An Industrial Economy: People are poor because the industrial economy built here, by the timber industry especially, created a system of haves and have nots, a culture of timber barons living on the hill and loggers living on the flats and in camps, a culture in which workers were dependent on capitalists for survival. This kept us from being able to take control of our own lives and futures and paralyzed us when the timber industry crashed. We never had control of our communities or of the land that had first been stolen from Native Americans and then kept in the hands of a few people with influence and power.

Industrial Crash: People are poor because the logging industry crashed. This is the simplest answer, though the causes of the crash are many. Timber was a boom and bust industry—two World Wars and the shipyards in Seattle kept peninsula loggers busy, but after the war the industry struggled and by the 80s and 90s was experiencing significant difficulty. However, two things contributed to the final demise of the industry, in 1994. And so…

Environmental Policy: People are poor because, in 1994, environmentalists successfully closed national forests to logging, citing their concern for the spotted owl. Their love of the forests most of them did not live in was commendable; however, they were far less concerned about loggers and their families or the people who made their lives here and loved the forest just as much. This is not to say that the forests were not exploited by the timber industry; only that environmental organizing failed to take into account the people living here and failed to give us any say in our future or the land itself.

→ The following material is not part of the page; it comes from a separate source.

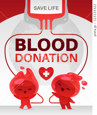 Cartoon blood drops characters. Donation and transfusion, smiling red mascots, medical symbols, funny liquid creatures, clinic poster template, cartoon flat isolated tidy vector concept
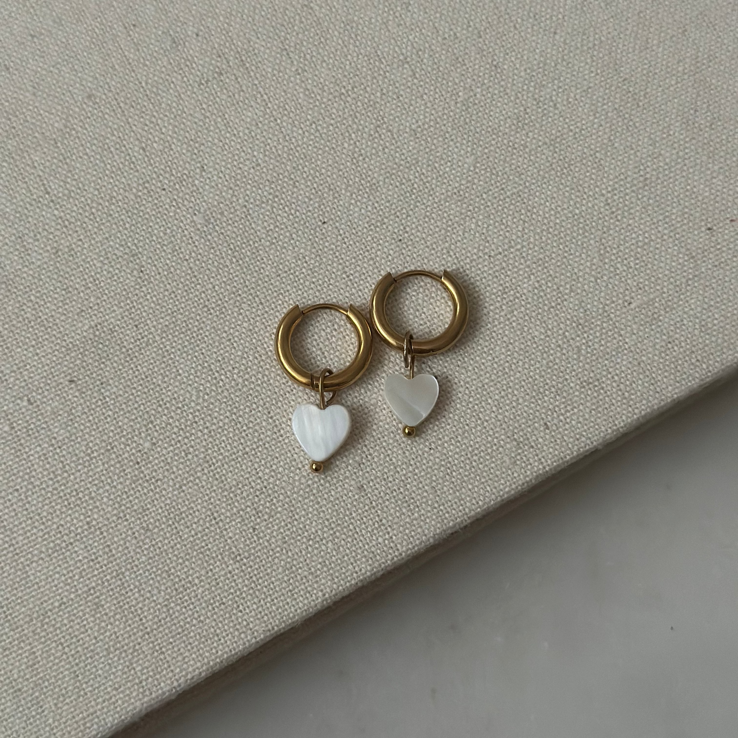 Caéla Gold to kolczyki stworzone z myślą o tych, które cenią połączenie klasyki z subtelną nutą nowoczesności. Zawieszone na pozłacanym biglu serce z masy perłowej przyciąga uwagę swoją łagodną formą i naturalnym połyskiem.

Free Trade: People are poor because, also in 1994, NAFTA (the North American Free Trade Agreement) was put into place. This (and other free trade agreements) brought poverty to the area in two ways. First, many mills (especially paper mills) moved their businesses oversees, where cheap labor and low tariffs made manufacture more “cost effective.” Second, NAFTA brought a steady stream of migrants from the global south as Mexican and Guatemalan farmers were unable to compete with U.S. agribusiness and forced to migrate north to work, in this case, in secondary forestry. Suddenly, many people were in competition for low wage tree planting and brush picking jobs.  

State Control and Regulation: People are poor because those who did farm in this area have been increasingly put out of business by federal regulations that favor large agribusiness over small family farms. Farm after farm has closed operations, discouraged by a pricing system that favors big growers or shut down by the FDA because they could not afford the equipment necessary to meet regulations.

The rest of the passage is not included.